I had the pleasure of interviewing Ayah Bdeir, Founder and CEO at littleBits, Ayah is an engineer and interactive artist. An alumna of the MIT Media Lab, Ayah’s TED talk: “Building Blocks that Blink, Beep and Teach” about littleBits has garnered more than one million views. Ayah has lectured and advised extensively on how to get more girls into STEM, including at the White House “Breaking down gender stereotypes” panel, at Forbes Under 30 “Closing the Tech Gap” and at Women in the World with Tina Brown.

Thank you so much for doing this with us! Can you tell us the story of how you grew up?

Physically, I grew up in Lebanon, a gorgeous country with enormous potential. I had a beautiful upbringing full of love, family, and delicious Mediterranean food. Throughout my childhood — and its history — Lebanon has been through many ups and downs with respect to internal and external violence; but, this makes for a very resilient and entrepreneurial population.

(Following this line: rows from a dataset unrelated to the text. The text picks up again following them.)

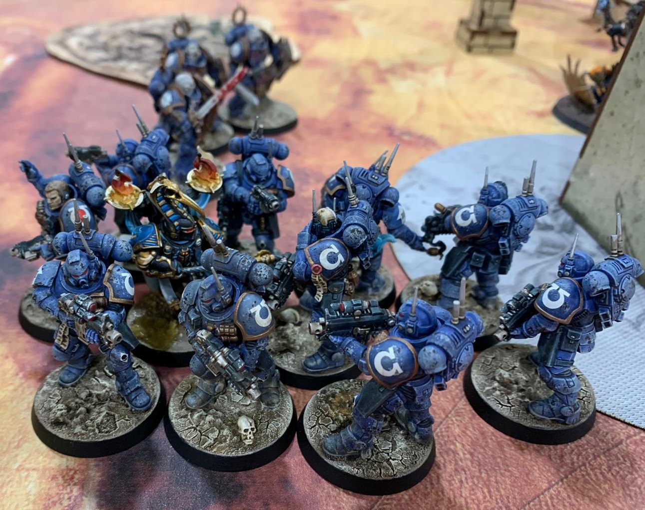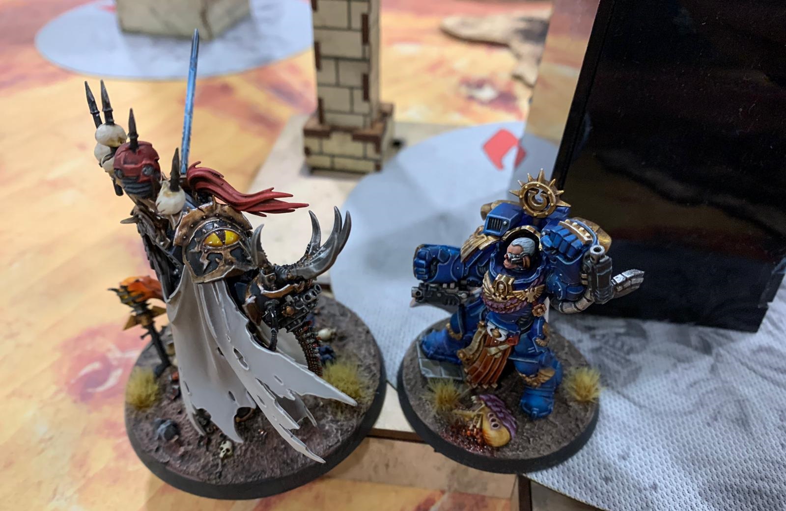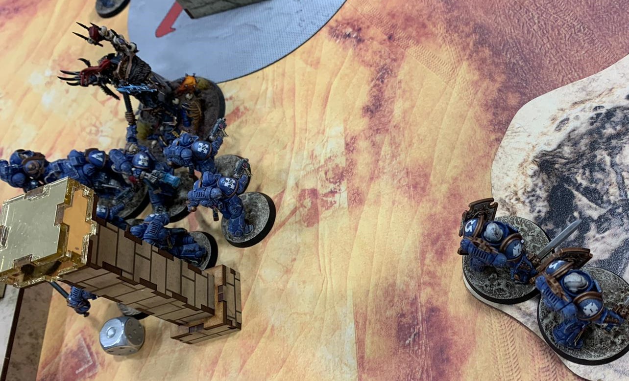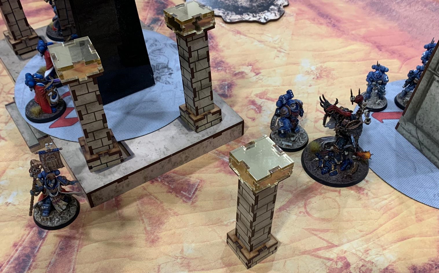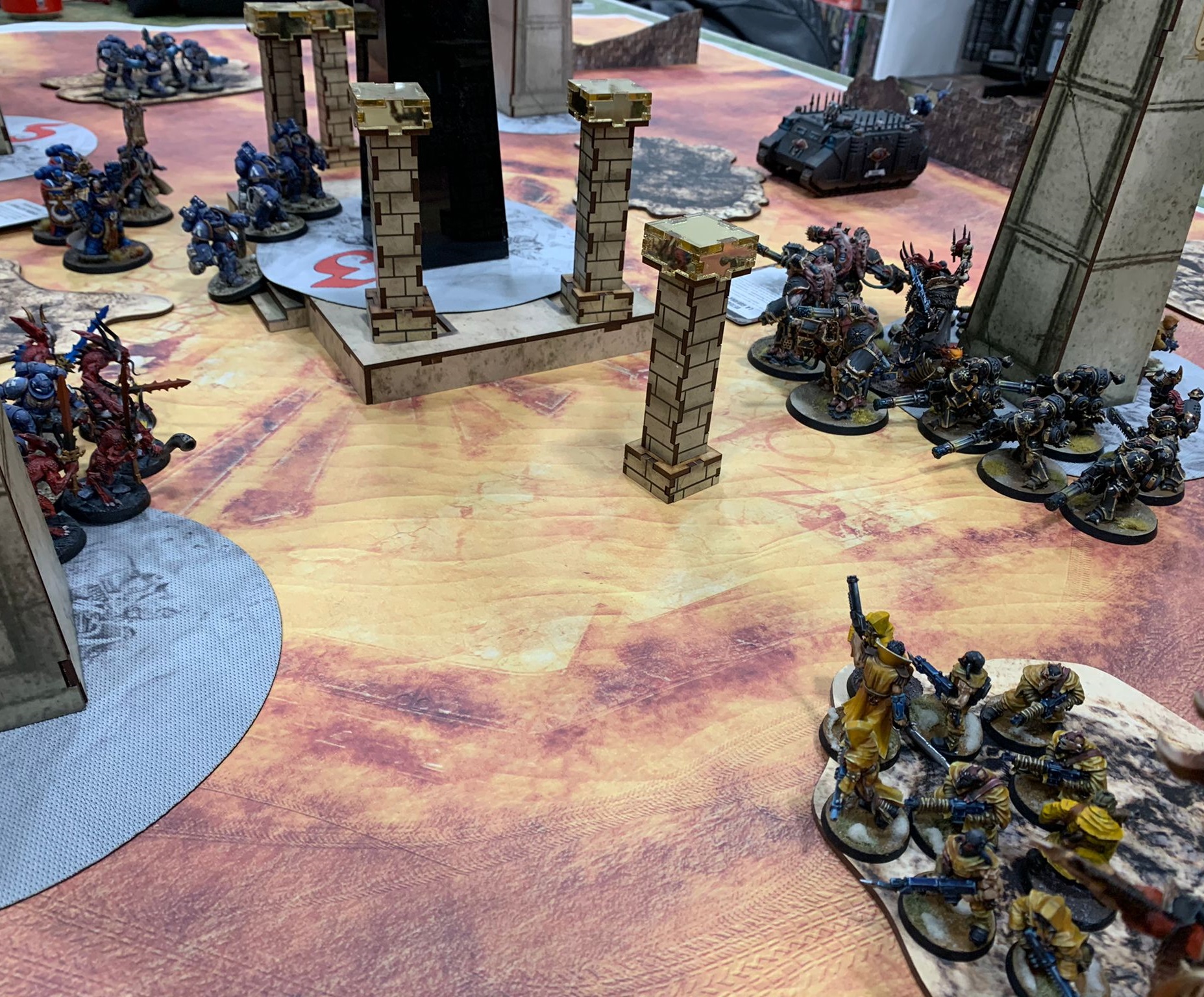 Tras el despliegue, la tirada de iniciativa determina que empieza la partida el Caos. Ante eso, los Ultramarines gastan 2 puntos de mando para reposicionar unidades que habían desplegado de una manera más agresiva gracias a la estratagema Redespliegue Rápido. Los Hellblasters se protegen tras una ruina y los Erradicadores dejan la primera línea para esconderse junto al Impulsor.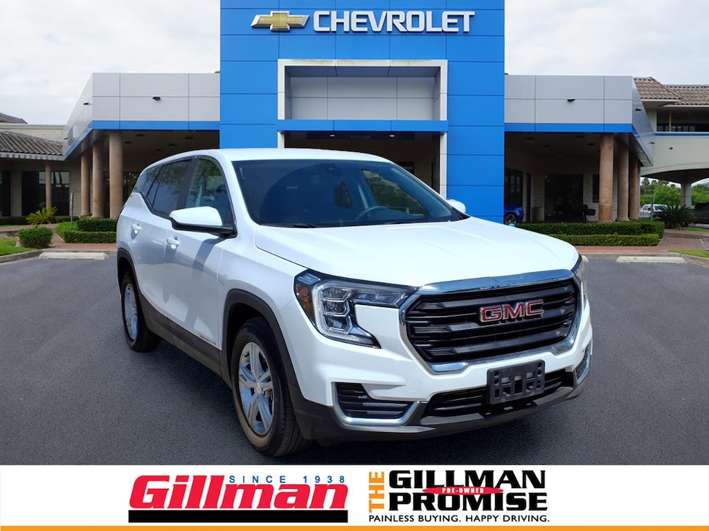 Gillman's Lifetime Engine Warranty lasts as long as you own your vehicle - free with the Gillman Pre-Owned Promise. If the vehicle isn't right for you, return it in purchase condition within 2 days or 200 miles as part of our Happy-Driving Guarantee. Discover the 2024 GMC Terrain SLE in classic white-a versatile SUV that blends style, comfort, and cutting-edge technology. Powered by a fuel-efficient 1.5L Turbo I4 engine and a smooth 9-speed automatic transmission, this Terrain is ready for daily commutes or weekend getaways. Enjoy seamless connectivity with wireless Apple CarPlay and Android Auto, plus Amazon Alexa and OnStar Guardian app compatibility. Safety is front and center with features like Front Automatic Emergency Braking, Lane Keeping Assist, Pedestrian Detection, and a Rearview Camera System. Stay comfortable with premium cloth upholstery, automatic climate control, and ample cargo space thanks to 60/40 split rear seats. Additional highlights include LED headlights and taillights, aluminum alloy wheels, push-button start, and Bluetooth wireless data link. Experience peace of mind and convenience in every drive with the 2024 GMC Terrain SLE-schedule your test drive today! All vehicles subject to prior sale. We are not responsible for typographical errors and may change information without notice. Photos may not depict the actual vehicle. Tax, title, and license fees not included. Dealer Discount available to all buyers.Vehicles purchased from Gillman Automotive Group include a Bring It Back Guarantee: return the vehicle in purchase condition within two days or 200 miles. New current-model-year vehicles and qualifying pre-owned vehicles (under 90,000 miles and less than 7 years old) are eligible. Guarantee is non-transferable and has no cash value. Lifetime Warranty available on select pre-owned vehicles. See dealer for details; restrictions may apply.Certified Pre-Owned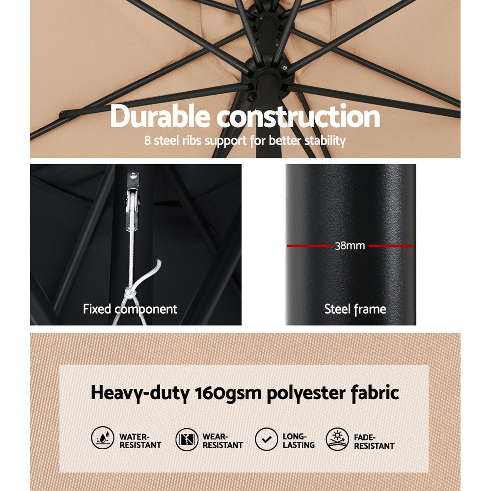 3m Outdoor Umbrella w/Base Pole Tilt Beach Garden Patio Beige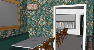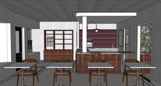 The space requires renovation, offering the incoming tenant a blank canvas to design a concept that truly fits the neighborhood. A conceptual rendering is available to help spark imagination and illustrate the potential for a warm, inviting café environment.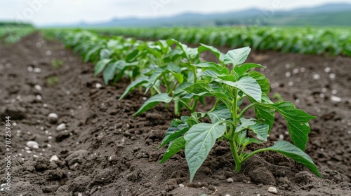 Vibrant young green pepper plants in rich brown soil, expansive agricultural landscape under cloudy sky, symbolizing growth and sustainability.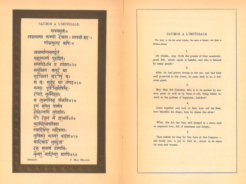 The languages featured span both ancient and modern, including Hieroglyphs, Cuneiform, Hebrew, Manchu, Malay, Javanese and many others. One dish, called ‘Imperial Salmon’, is celebrated with a Sanskrit poem signed by F. Max Müller, German-British philologist who studied Sanskrit among other languages. The poem contains references to Lakshmi, the goddess of wealth and prosperity in Hinduism, and its English translation is as follows: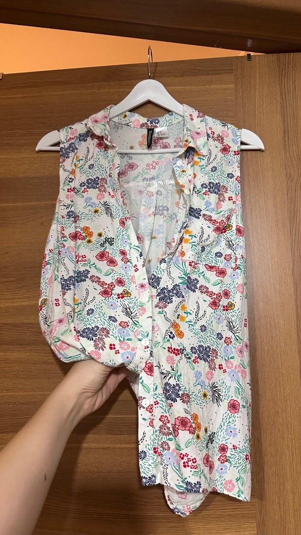Düğmeli, V yakalı, çiçek desenli bohem tarzında, kolsuz ve bol kesimli pastel renklerde bluz. Günlük kullanım için uygundur.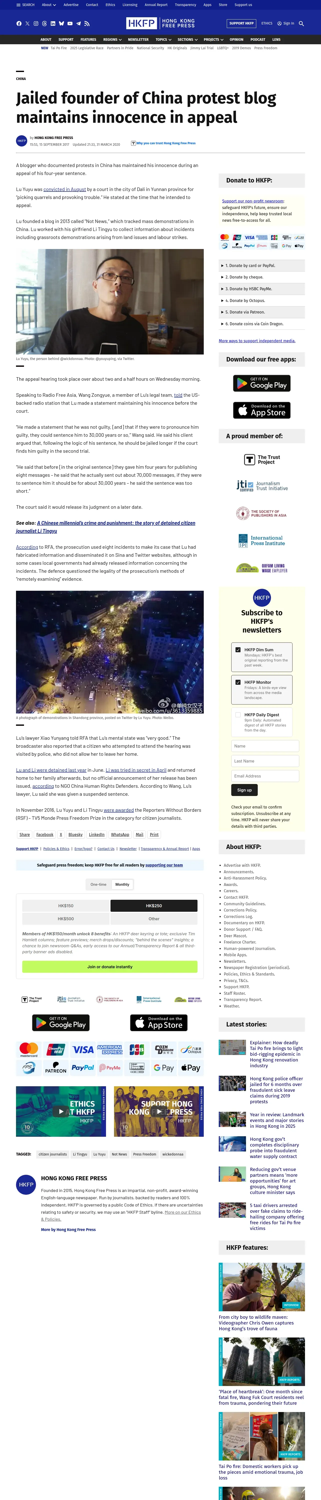 https://hongkongfp.com:443/2017/09/15/jailed-founder-china-protest-blog-maintains-innocence-appeal/

Culturally, I’m from the era of LEGOs and erector sets. As a kid, the more I played with these types of toys, the better I became at building and inventing — and approaching my experiments with a sense of fun, creativity, and learning. My early experiences with play are one of the reasons that I wanted to be an engineer. In better understanding how things work, I learned to think about ways to make them work better.

And, really, that’s what littleBits is trying to do at a high level — to bring that same playful, inventive, educational experience to the 21st century for kids that are much more tech savvy but still have the same desires to play and learn. We want to expand kids’ minds and give them the tools they need to think outside the box and create solutions to challenges that they see around them. I think that’s the greatest form of activism there is.

Was there a particular trigger point that made you emigrate to the US? Can you tell a story?

I had always had an interest in attending MIT, so I applied multiple times as a teenager. In fact, I first learned about the Maker Movement in the first class I took at MIT’s Media Lab in 2004. It was called “How to Make Almost Anything” and it was one of the most competitive classes to get into at the Media Lab.

When I was accepted for admission at MIT’s Media Lab at the age of 21 for my Master’s Degree, I moved to the U.S. and, just like that, I was witness to the birth of a movement that would change my life.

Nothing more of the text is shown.